El técnico del Sevilla FC lamentó la contundencia del 5-2 final, señalando que el plan de partido se desmoronó tras las decisiones arbitrales iniciales, aunque reconoció la superioridad jerárquica del conjunto azulgrana.
Con el eco de los cinco goles todavía resonando en el estadio, Matías Almeyda compareció en rueda de prensa con un tono analítico y realista. Tras la derrota del Sevilla ante el FC Barcelona, el preparador argentino no ocultó que la temprana ventaja local, marcada por dos penas máximas, fue un lastre insuperable para sus jugadores.
"Salimos bien plantados, pero ante un equipo como el Barcelona es muy difícil remontar dos penaltis en contra en tan pocos minutos", explicó Almeyda al inicio de su intervención. Para el técnico, el encuentro dejó de ser el que habían planteado tácticamente en cuanto el marcador se puso cuesta arriba de forma tan abrupta, permitiendo que el Barça aprovechara cada espacio generado por la necesidad sevillista de ir al ataque.
Al ser cuestionado sobre la legitimidad de las penas máximas que marcaron el devenir del choque, el "Pelado" prefirió mantener una postura diplomática, evitando críticas directas al estamento arbitral: "Prefiero no valorarlo; si los vieron, es porque eran penalti", sentenció con brevedad.
Almeyda también se refirió a las rotaciones de Xavi Hernández y la suplencia de Lamine Yamal, asegurando que no le pilló por sorpresa debido al calendario tan exigente del equipo catalán. "Tienen mucha calidad y jerarquía; la marcan con cualquier jugador que tengan", señaló, subrayando que el poderío colectivo del rival fue determinante para que el 3-1 antes del descanso fuera ya una losa pesada de levantar. Comparando este duelo con el de la primera vuelta —donde el Sevilla se impuso por 4-1—, Almeyda admitió que la intención táctica era similar, pero que los "intérpretes" y los incidentes del inicio cambiaron la historia. "El partido se modifica a los pocos minutos... ahí nace totalmente otro juego".
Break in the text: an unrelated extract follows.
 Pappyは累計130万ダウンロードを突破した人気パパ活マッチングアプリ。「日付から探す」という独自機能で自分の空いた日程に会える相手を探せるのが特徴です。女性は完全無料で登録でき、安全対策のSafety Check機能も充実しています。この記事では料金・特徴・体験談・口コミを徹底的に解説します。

En medio de la derrota, el técnico encontró un motivo para el optimismo: el retorno de Rubén Vargas. El jugador disputó más de media hora de juego, algo que Almeyda calificó de "fundamental" para el tramo decisivo del campeonato. "Es un jugador bastante importante para nosotros y tenerlo en este tramo final va a ser clave".
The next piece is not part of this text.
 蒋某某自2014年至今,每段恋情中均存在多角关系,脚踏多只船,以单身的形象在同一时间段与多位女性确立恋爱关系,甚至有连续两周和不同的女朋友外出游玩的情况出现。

Al cierre de la rueda de prensa, el técnico sevillista dejó una de las frases más crudas de la jornada al valorar el nivel de ambos conjuntos: "Noto la realidad de que jugamos con un equipo que juega para campeonar y nosotros que jugamos para otra cosa". Con esta declaración, Almeyda puso fin a una noche difícil, centrando ya su mirada en la lucha por los objetivos que le restan al club de Nervión en este cierre de temporada.